Hey Li-Syuan,
I think I the answer you were trying to get is “it’s random”.
I was thinking exactly the same things as you did.
The nn.embedding simply gives you a random tensor corresponding to each input id of a word, which then can be updated by your downstream task.
nn.embedding takes two necessary arguments, right?
The first one is basically the size of vocab, which you can very arbitrarily set; let’s say you picked 3.
The second one is the input dimension, which you can also very arbitrarily set; let’s say you picked 5.
Once you set it, then under the hood, you can think of nn.Embedding as this:
{
0: [0.123, 0.223, -.123, -.123, .322] # a completely random 5-dimensional representation of whatever token 0 corresponds to (it’s 5 dimensionl because you set it to 5)
1: [0.45, .123123, .123123, .123123, .123123], # a completely random 5-dimensional representation of whatever token 1 corresponds to, (it’s 5 dimensionl because you set it to 5)

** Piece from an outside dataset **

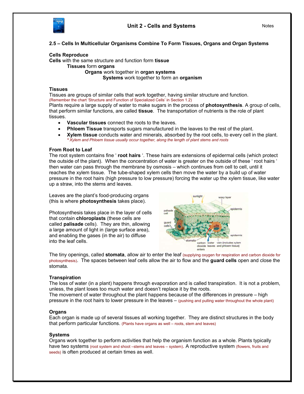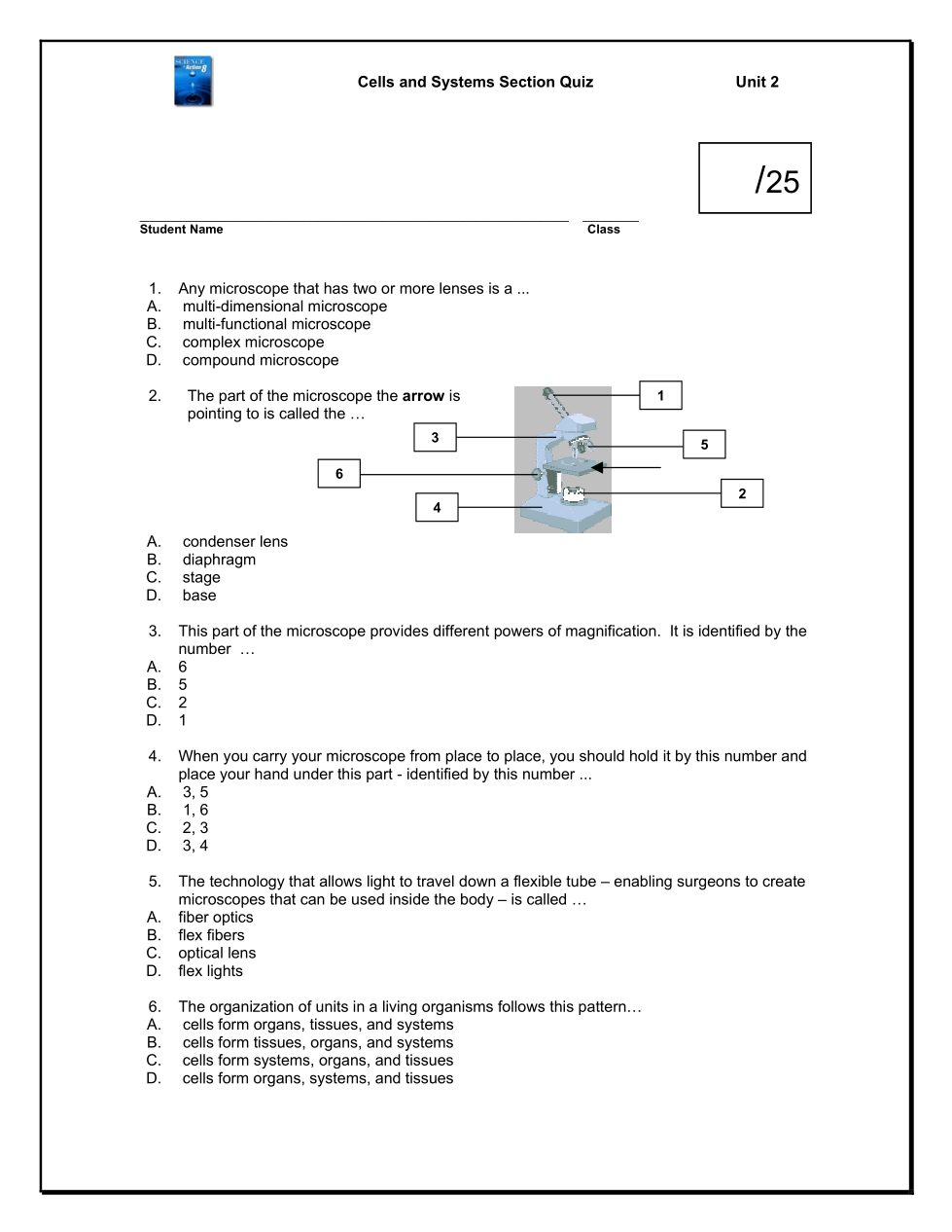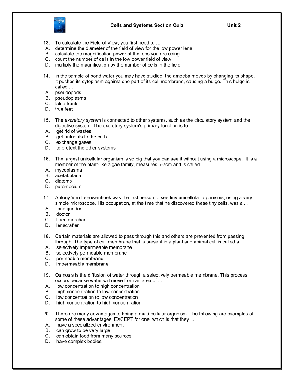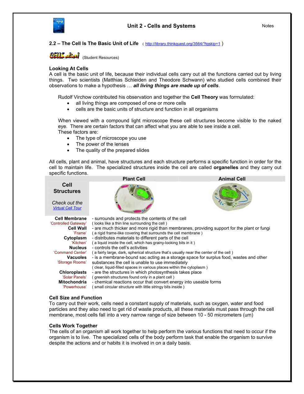 Sci. 8: Cells & Systems -Section 2.0 Quiz

2: [0.656, .4564, .456456, .456456, .4564] # a completely random 5-dimensional representation of whatever token 2 corresponds to, (it’s 5 dimensionl because you set it to 5)
}
There are only three entries in the dict because you said vocabulary size is 3.
Then, when you pass a text
You have some sort of tokenizer that maps text into indexes
say your tokenizer does this:
{
“I”: 0,
“love”: 1,
"cat: 2
}
Then, when you pass the text “I love cat” to your tokenizer, it becomes [0, 1, 2]
This [0, 1, 2], when passed to the nn.Embedding
becomes a tensor like this:
[ [0.123, 0.223, -.123, -.123, .322],
[0.45, .123123, .123123, .123123, .123123],
[0.656, .4564, .456456, .456456, .4564]]
If you had an arbitray task, say “is this a gramatically correct sentence”? 1= yes, 0 = no
then your model will learn something like this:
I love cat → label is 1
[ [0.123, 0.223, -.123, -.123, .322],
[0.45, .123123, .123123, .123123, .123123],
[0.656, .4564, .456456, .456456, .4564]]
→ 1
love I cat → no
[[0.45, .123123, .123123, .123123, .123123],
[0.123, 0.223, -.123, -.123, .322],
[0.656, .4564, .456456, .456456, .4564]]
→ no
…
and the random representations of each word would be updated accordingly so they are no longer random.
what happens if you pass an index larger than 2?
well, it’s out of vocabury because you only prepared 3 spots (index 0, 1, 2) in your nn.Embedding and you’ll get an error.
I hope that helped.
The same question bothered me for very long too!